ID, name, release year, release date, category, Director, starring, length, rating, star rating, number of reviews
2. Make a classification of the data.
A.. Basic information: Name, Director, release year, category, length
B. Evaluation information: score, star rating, number of reviews
C. Starring table: starring (I'm struggling to make a single list)
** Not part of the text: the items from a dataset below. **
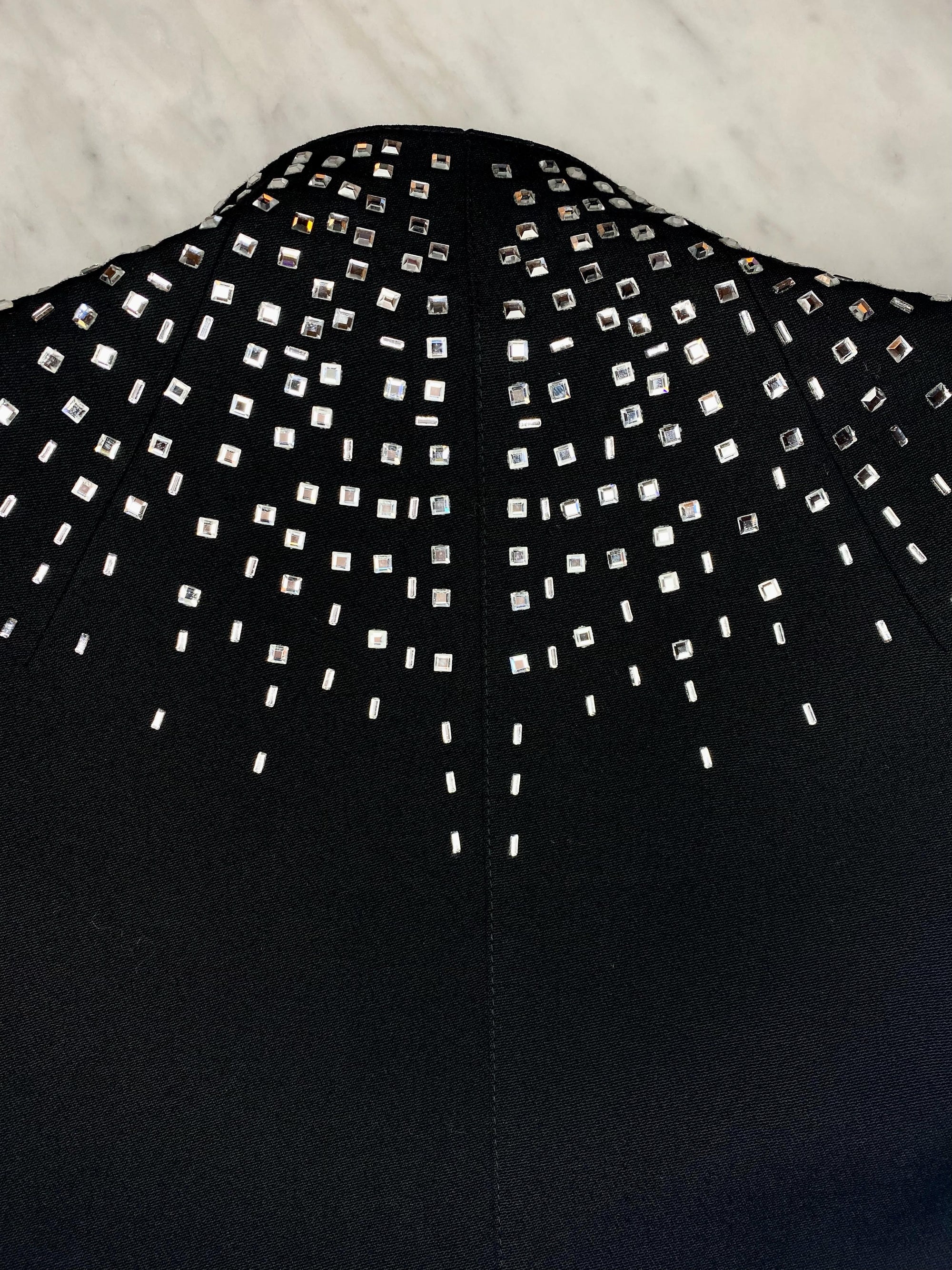 1990s Thierry Mugler Square Rhinestone Wide Leg Pantsuit
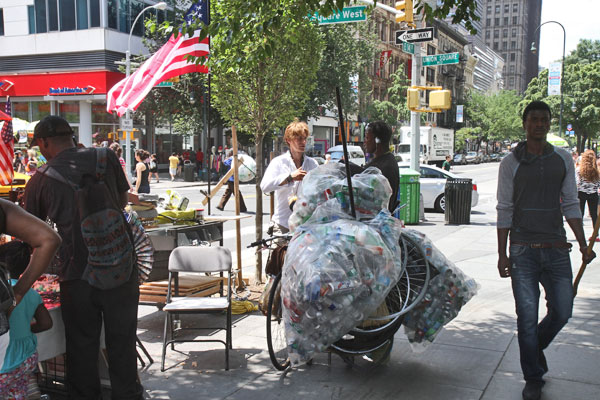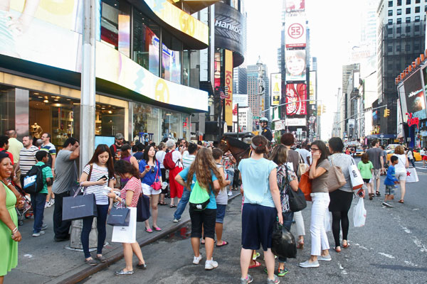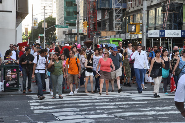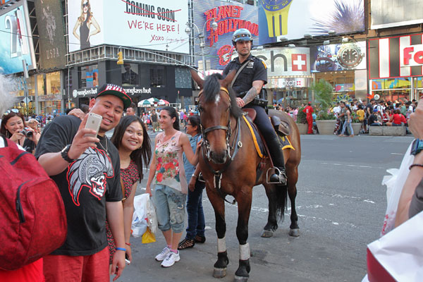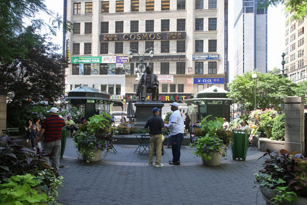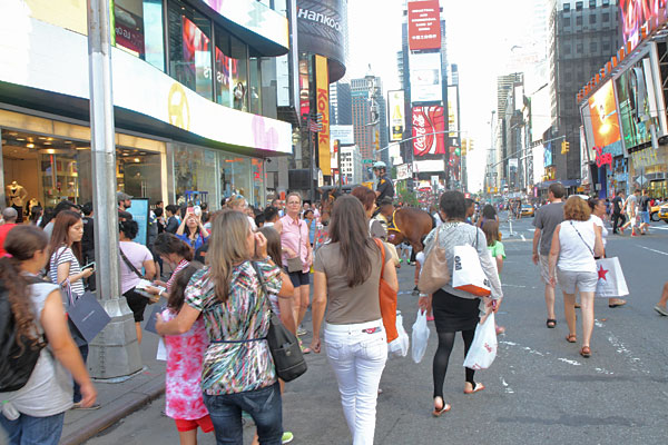 Hurra, wir sind wieder in New York! Der Flug mit LH war ok, die Maschine proppenvoll und zum Schluss wurde der Flug leicht unruhig. Die Kontrollen bei der Immigration zogen sich dahin, aber irgendwann war es dann doch geschafft. In JFK gelandet, buchten wir einen Super Shuttle zum Hotel, Kostenpunkt 17 USD pro Person.
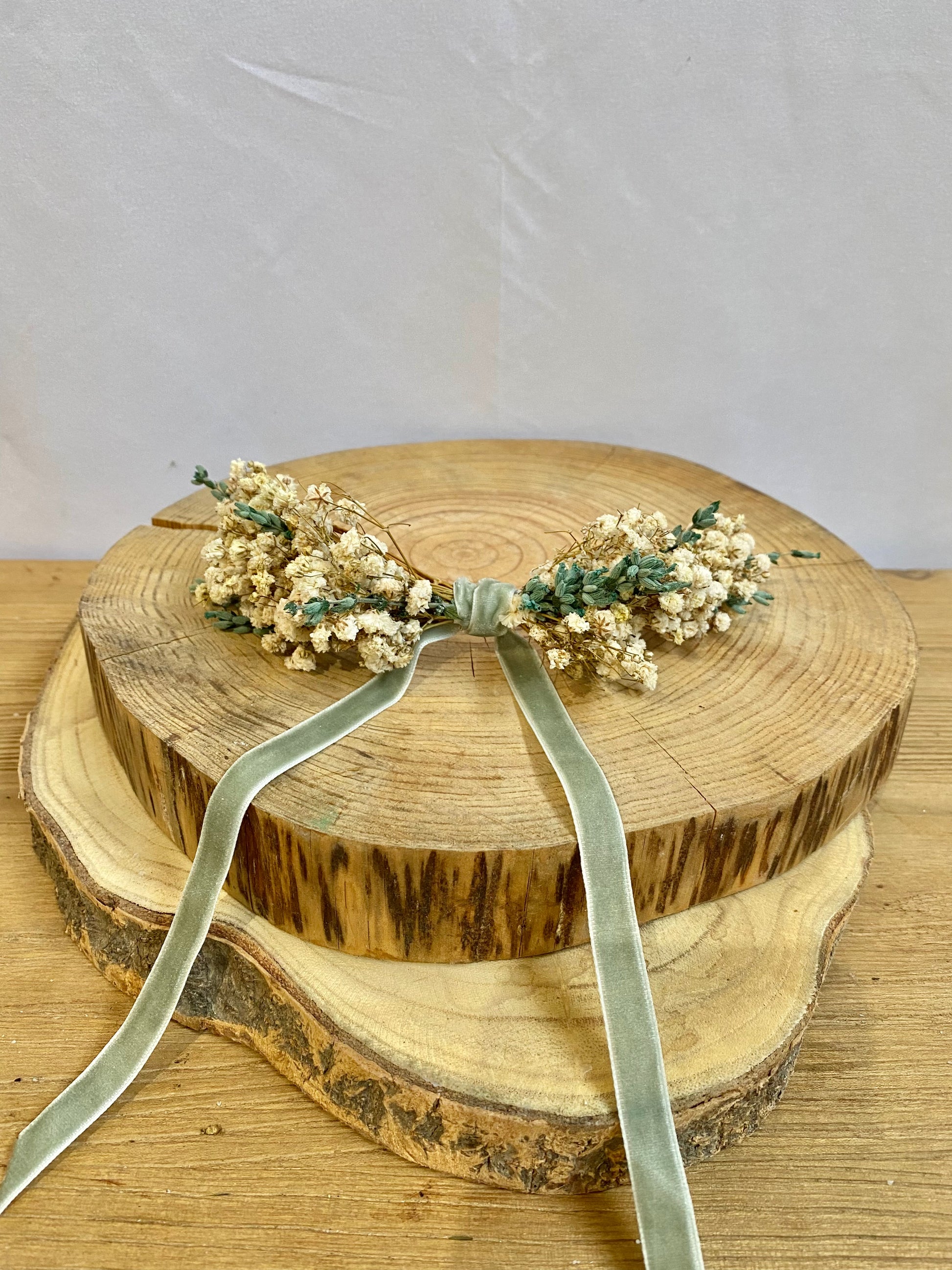 Prendido en forma de media luna realizado con Paniculata seca y Lavanda preservada con lazo de terciopelo a tono.
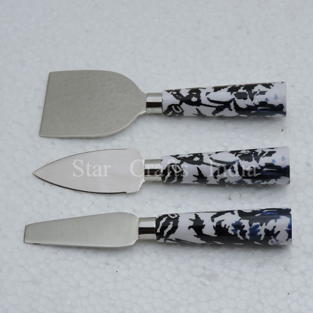 Juego de cuchillos para queso con mango de madera y resina y hoja de acero inoxidable, juego de cubiertos de alta calidad de acero inoxidable de 3 piezas

3. Table Design. Now a little bit of a sore is the primary key. Use the self-increment primary key or the movie ID key. After all my many considerations, I decided carefully (hastily) to use the movie ID (to build a unique index anyway, why not take it as the primary key). ), so I just turned the data in the ID again.
m_id = Re.search ("[0-9]+", Movie_url). Group () movie["ID "] = Int (m_id)
Write to play, is so casual, have any ideas on change!!!
4. Build a table. is also the egg ache, I actually tangled up is uses MySQL or MongoDB, immediately deletes oneself a slap, you will mongodb? I feel that if I continue to open a mongodb pit, I will never come back to this reptile.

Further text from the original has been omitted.